___ DATASET RECORDS

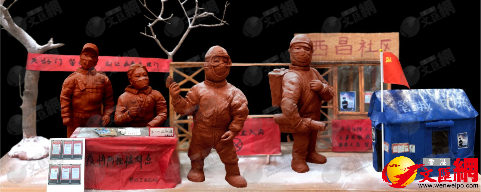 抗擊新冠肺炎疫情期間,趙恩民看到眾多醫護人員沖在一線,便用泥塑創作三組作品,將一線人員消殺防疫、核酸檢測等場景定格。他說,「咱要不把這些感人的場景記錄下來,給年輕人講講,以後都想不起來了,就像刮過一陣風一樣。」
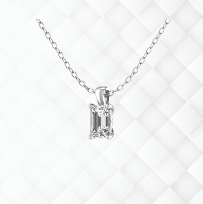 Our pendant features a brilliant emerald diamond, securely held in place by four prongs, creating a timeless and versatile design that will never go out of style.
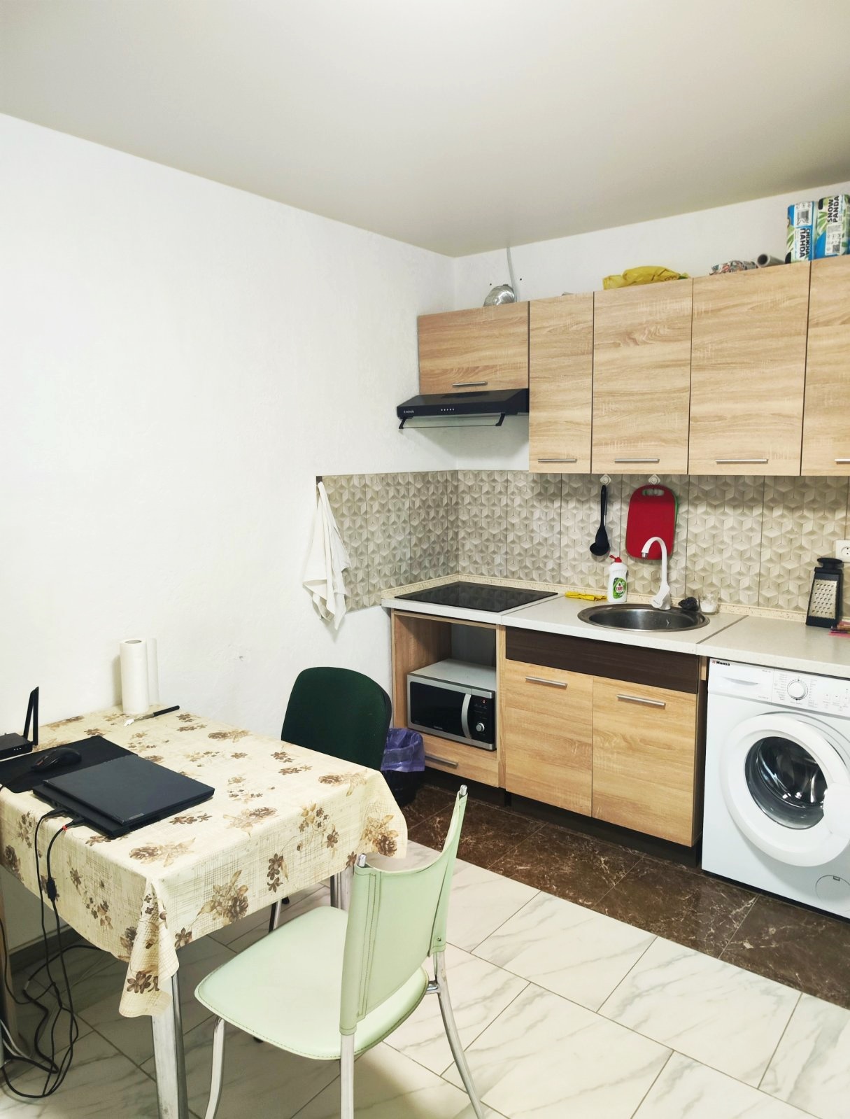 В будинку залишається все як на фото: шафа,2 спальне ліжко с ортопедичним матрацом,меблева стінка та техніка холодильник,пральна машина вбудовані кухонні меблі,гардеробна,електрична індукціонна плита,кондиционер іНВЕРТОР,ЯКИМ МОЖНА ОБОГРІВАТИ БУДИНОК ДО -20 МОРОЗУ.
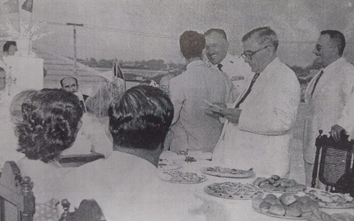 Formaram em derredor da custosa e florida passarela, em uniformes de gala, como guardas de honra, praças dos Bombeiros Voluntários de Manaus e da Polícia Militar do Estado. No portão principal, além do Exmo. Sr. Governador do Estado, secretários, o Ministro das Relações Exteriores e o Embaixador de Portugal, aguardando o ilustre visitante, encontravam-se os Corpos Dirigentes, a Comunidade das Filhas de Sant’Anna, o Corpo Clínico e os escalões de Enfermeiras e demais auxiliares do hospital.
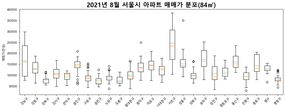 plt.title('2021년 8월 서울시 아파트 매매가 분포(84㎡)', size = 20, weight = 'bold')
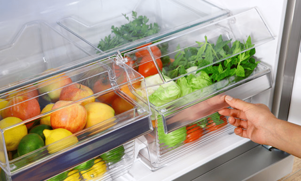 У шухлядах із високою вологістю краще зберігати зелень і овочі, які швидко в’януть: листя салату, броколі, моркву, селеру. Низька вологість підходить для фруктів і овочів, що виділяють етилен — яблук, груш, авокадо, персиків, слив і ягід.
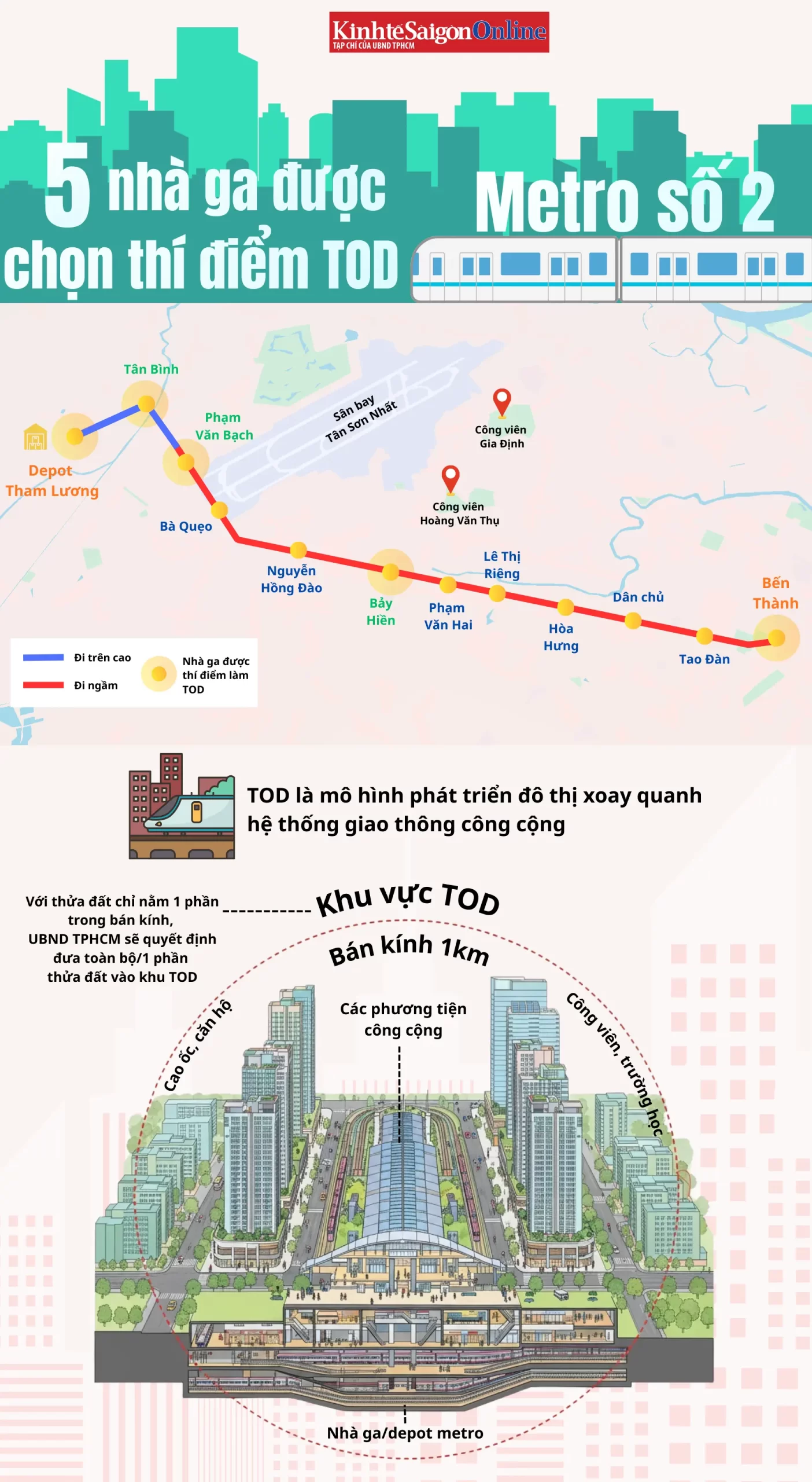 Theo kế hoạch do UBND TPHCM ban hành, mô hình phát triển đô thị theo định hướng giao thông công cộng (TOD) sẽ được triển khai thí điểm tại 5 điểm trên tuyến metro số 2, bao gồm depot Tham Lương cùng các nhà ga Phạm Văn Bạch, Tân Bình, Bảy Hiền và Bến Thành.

______

*ACTIVITY*: All of the entries above are to be transcribed word for word, with no pictures included.

*TASK ANSWER*:
 抗擊新冠肺炎疫情期間,趙恩民看到眾多醫護人員沖在一線,便用泥塑創作三組作品,將一線人員消殺防疫、核酸檢測等場景定格。他說,「咱要不把這些感人的場景記錄下來,給年輕人講講,以後都想不起來了,就像刮過一陣風一樣。」
 Our pendant features a brilliant emerald diamond, securely held in place by four prongs, creating a timeless and versatile design that will never go out of style.
 В будинку залишається все як на фото: шафа,2 спальне ліжко с ортопедичним матрацом,меблева стінка та техніка холодильник,пральна машина вбудовані кухонні меблі,гардеробна,електрична індукціонна плита,кондиционер іНВЕРТОР,ЯКИМ МОЖНА ОБОГРІВАТИ БУДИНОК ДО -20 МОРОЗУ.
 Formaram em derredor da custosa e florida passarela, em uniformes de gala, como guardas de honra, praças dos Bombeiros Voluntários de Manaus e da Polícia Militar do Estado. No portão principal, além do Exmo. Sr. Governador do Estado, secretários, o Ministro das Relações Exteriores e o Embaixador de Portugal, aguardando o ilustre visitante, encontravam-se os Corpos Dirigentes, a Comunidade das Filhas de Sant’Anna, o Corpo Clínico e os escalões de Enfermeiras e demais auxiliares do hospital.
 plt.title('2021년 8월 서울시 아파트 매매가 분포(84㎡)', size = 20, weight = 'bold')
 У шухлядах із високою вологістю краще зберігати зелень і овочі, які швидко в’януть: листя салату, броколі, моркву, селеру. Низька вологість підходить для фруктів і овочів, що виділяють етилен — яблук, груш, авокадо, персиків, слив і ягід.
 Theo kế hoạch do UBND TPHCM ban hành, mô hình phát triển đô thị theo định hướng giao thông công cộng (TOD) sẽ được triển khai thí điểm tại 5 điểm trên tuyến metro số 2, bao gồm depot Tham Lương cùng các nhà ga Phạm Văn Bạch, Tân Bình, Bảy Hiền và Bến Thành.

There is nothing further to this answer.